There are several limitations that should be considered regarding this research. First, while our research is the first to identity neuropredictive biomarkers in the field of ASD and we did not have sufficient information regarding established effect sizes that would allow us to pre-determine the required sample size, the overall sample size (n=20) is relatively small, although a power analysis utilizing G*Power54 indicated that it is sufficiently powered (β=0.80) to detect a large size of effect55 (|r|0.50, one-sided; in this research, r refers to the correlation between pretreatment brain activation level and treatment effectiveness). Future research should use a larger sample to detect small-to-medium sizes of effect.
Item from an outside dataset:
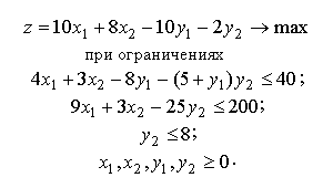 Здесь через и обозначены соответственно искомые количества производимых продуктов первого и второго видов, через - количество приобретаемых дополнительных машин для переработки сырья первого вида и через - число часов сверхурочной работы. Целевая функция представляет собой величину суммарного дохода. Первое ограничение связано с невозможностью превысить лимит времени на переработку сырья первого вида, второе - с невозможностью превысить лимит времени на переработку сырья второго вида, третье ограничение и условие неотрицательности переменных самоочевидны.

Second, the primary clinical outcome is the delta change score of the parent-reported SRS total raw score, and given that the parent training is inherent in the treatment approach, the parents were not (and could not be) blinded to the intervention. As such, there is a need for future research to include measures that are more objective and/or filled out by blinded clinician(s), which would provide a more comprehensive picture of treatment outcome, although the parent-reported SRS total raw score is one of a very few measures that could provide continuous quantification of symptom severity in ASD in naturalistic settings. Third, our neuropredictive findings were limited to one single treatment-only group in a pretest–posttest design, and future work should conduct randomized controlled trials to further establish these findings. Finally, although MVPA with LOSO cross validation provides supporting evidence that our univariate biomarkers may generalize to new, unseen samples, the results are nonetheless limited to the current data and thus the generalizability should be further tested in an independent sample beyond the current data.

Conclusions

Early childhood provides an important window of opportunity for intervention in ASD. The promise of targeted, individualized, precision treatment for core deficits in ASD depends on sensitive, objective biomarkers that can predict how individual young children with ASD will respond to specific treatment(s). For the first time in the field of ASD, we provide evidence that neural signatures in brain circuits implicated in social information processing and social motivation/reward can predict treatment effectiveness at the individual level in young boys and girls with ASD. The results open a new avenue for important future research and should greatly accelerate progress toward more precise and effective treatments for core deficits in ASD.